L'Orient romain échappe à ce mauvais sort, malgré la sévère défaite de l'empereur Valens face aux Goths, devant Andrinople, en 378. « Question de chance... et peut-être aussi de meilleure gestion politique ». Il est vrai que les territoires les plus riches d'Orient, ceux qui assurent à Constantinople l'essentiel de ses ressources fiscales, sont en Asie, protégées par le détroit du Bosphore des attaques germaniques.
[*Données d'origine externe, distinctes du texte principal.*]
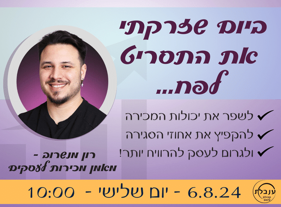 ההדרכה תתקיים דרך הזום ביום שלישי | בתאריך 6.8.2024 | תארך כשעתיים וכמובן תהיה מוקלטת!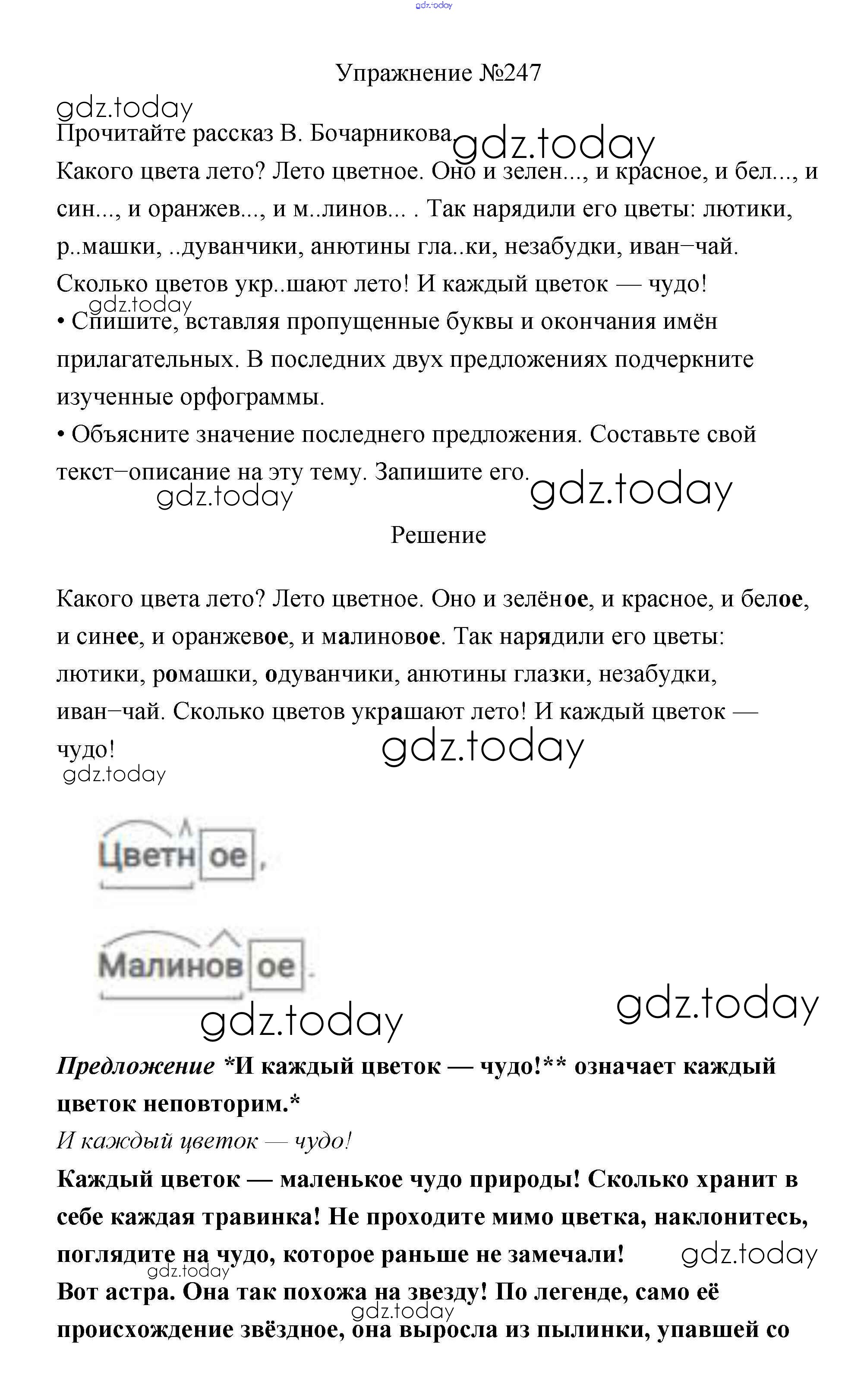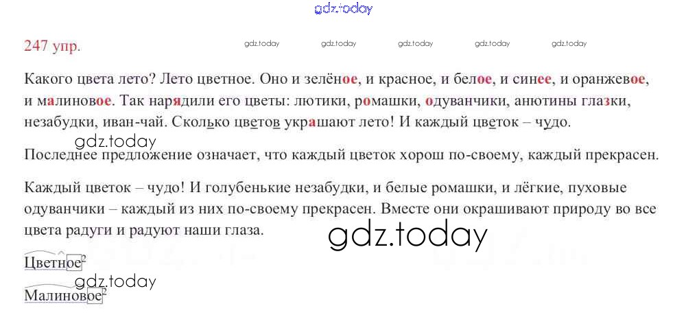 На страницах сайта gdz.today вы найдете учебный и вспомогательный материал, направленный на улучшения знаний школьной программы. ГДЗ - онлайн мир знаний Упражнения Часть 2 247 Учебнику по Русскому языку для 3 класса Канакина, Горецкий Просвещение Школа России 2013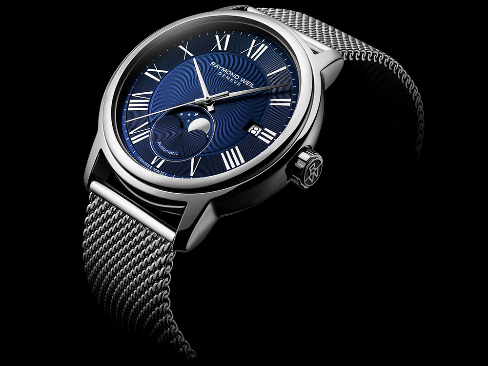 RAYMOND WEIL представляет модель Moon Phase из коллекции Maestro — часы в классическом стиле с элегантным индикатором фаз Луны. Новый элемент синхронизирует ритм времени со звездами и выполнен в лучших традициях швейцарского часового дела.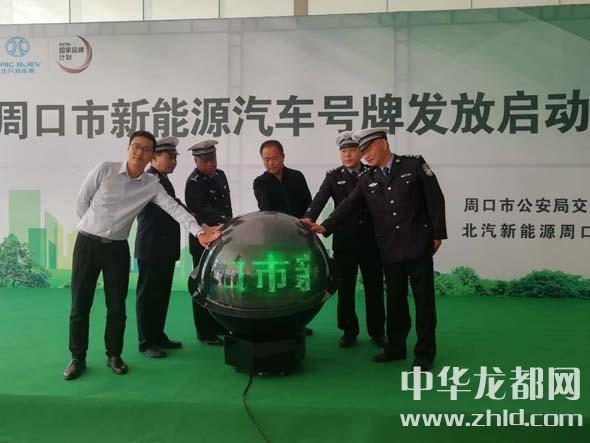 中華龍都網(wǎng)訊(周口報業(yè)全媒體記者 姬慧洋 陳永團 文/圖)4月10日上午10時,在市區(qū)太清路與昆侖路交叉口附近,我市新能源汽車號牌發(fā)放儀式啟動,在啟動儀式上周口市公安局交通管理支隊支隊長謝偉親手將“豫PD08887”這副新能源汽車號牌送到車主張磊的手中。據(jù)介紹,為了能夠盡早選到自己心儀的號牌,家住市區(qū)漢陽路附近的張磊一大早就趕到了位于建設(shè)大道與周口大道交叉口周口幼師北門附近的萬達便民服務(wù)站,在現(xiàn)場通過“50選1”的號牌選擇方式,喜獲自己心儀的號牌。

Sur le plan politique, toutefois, les notables romains d'Occident ne perdent pas au change en troquant l'autorité de l'empereur contre celle des roitelets barbares. Ceux-ci, par manque de cadres, doivent s'appuyer sur eux pour gouverner en toute quiétude.« La désintégration de l'Empire, remplacé par une mosaïque de cours germaniques, donna paradoxalement aux Romains vivant dans les provinces une meilleure situation qu'au IVe siècle, où il n'existait qu'une seule cour impériale, souvent lointaine. ».
Et l'archéologue de conclure : « Les Romains, avant la chute, étaient aussi convaincus que nous le sommes, nous aujourd'hui, que leur monde resterait pour l'essentiel, tel qu'il était. Ils avaient tort. À nous de ne pas répéter leur erreur et de ne pas nous bercer d'une fallacieuse assurance ».